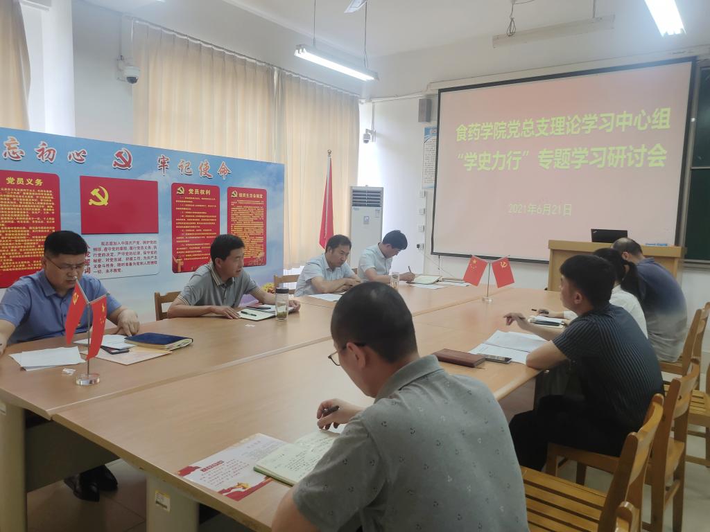 院长张立华指出,党史学习教育中,明理是前提、增信是保障、崇德是动力,力行才是最终目标。学史力行要深刻领悟坚持中国共产党领导的历史必然性;要铭记为人民谋幸福的初心;要牢记为民族谋复兴的使命;要不断开创新局面;要落实在干事创业的具体岗位上。现阶段,要将党史学习教育与学院工作紧密结合起来,增强干事创业的能力,以建设一流高水平应用型专业、培养创新型卓越工程技术人才为目标,以新旧动能转换、供给侧结构性改革为发展契机,以生物与医药学科硕士点建设为引领,以工程教育专业认证为抓手,树立新工科理念,走产教融合发展之路,不断深化教育教学改革,抓住大有作为的历史机遇期,振奋精神,凝心聚力,齐心协力,实干、快干,开创食药学院新局面。
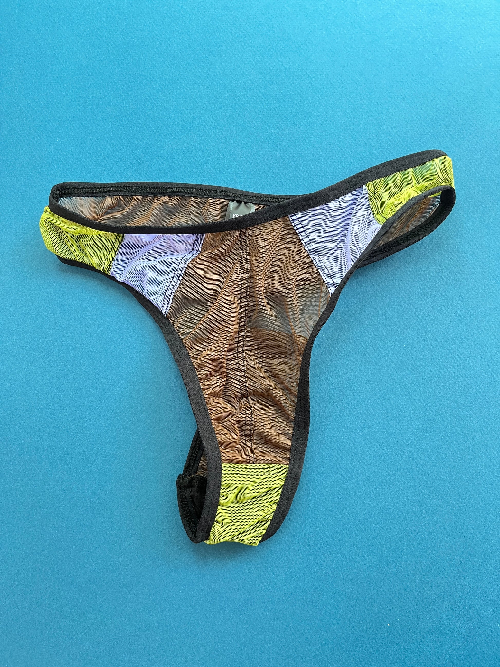 AZALEAS EXCLUSIVE! The Stevie from Bully Boy are a mid-waisted mesh thong that can match back to the best selling Brick Bra. Cotton gusset. Soft elastic trim. Fun pea green, cocoa and purple colorblock.
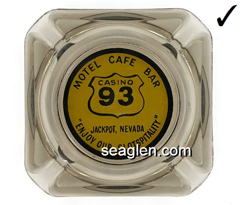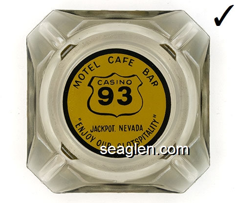 BAC-21 Barton's Club 93 Casino Jackpot, NV 3 1/2" Smoke Glass Ashtray Black on yellow imprint: Motel Cafe Bar, Casino 93, Jackpot, Nevada ''Enjoy Our Slotspitality'' |

> **Description of the task**
Retype the full listing exactly; pictures stay out.

> **The answer**
 院长张立华指出,党史学习教育中,明理是前提、增信是保障、崇德是动力,力行才是最终目标。学史力行要深刻领悟坚持中国共产党领导的历史必然性;要铭记为人民谋幸福的初心;要牢记为民族谋复兴的使命;要不断开创新局面;要落实在干事创业的具体岗位上。现阶段,要将党史学习教育与学院工作紧密结合起来,增强干事创业的能力,以建设一流高水平应用型专业、培养创新型卓越工程技术人才为目标,以新旧动能转换、供给侧结构性改革为发展契机,以生物与医药学科硕士点建设为引领,以工程教育专业认证为抓手,树立新工科理念,走产教融合发展之路,不断深化教育教学改革,抓住大有作为的历史机遇期,振奋精神,凝心聚力,齐心协力,实干、快干,开创食药学院新局面。
 AZALEAS EXCLUSIVE! The Stevie from Bully Boy are a mid-waisted mesh thong that can match back to the best selling Brick Bra. Cotton gusset. Soft elastic trim. Fun pea green, cocoa and purple colorblock.
 BAC-21 Barton's Club 93 Casino Jackpot, NV 3 1/2" Smoke Glass Ashtray Black on yellow imprint: Motel Cafe Bar, Casino 93, Jackpot, Nevada ''Enjoy Our Slotspitality'' |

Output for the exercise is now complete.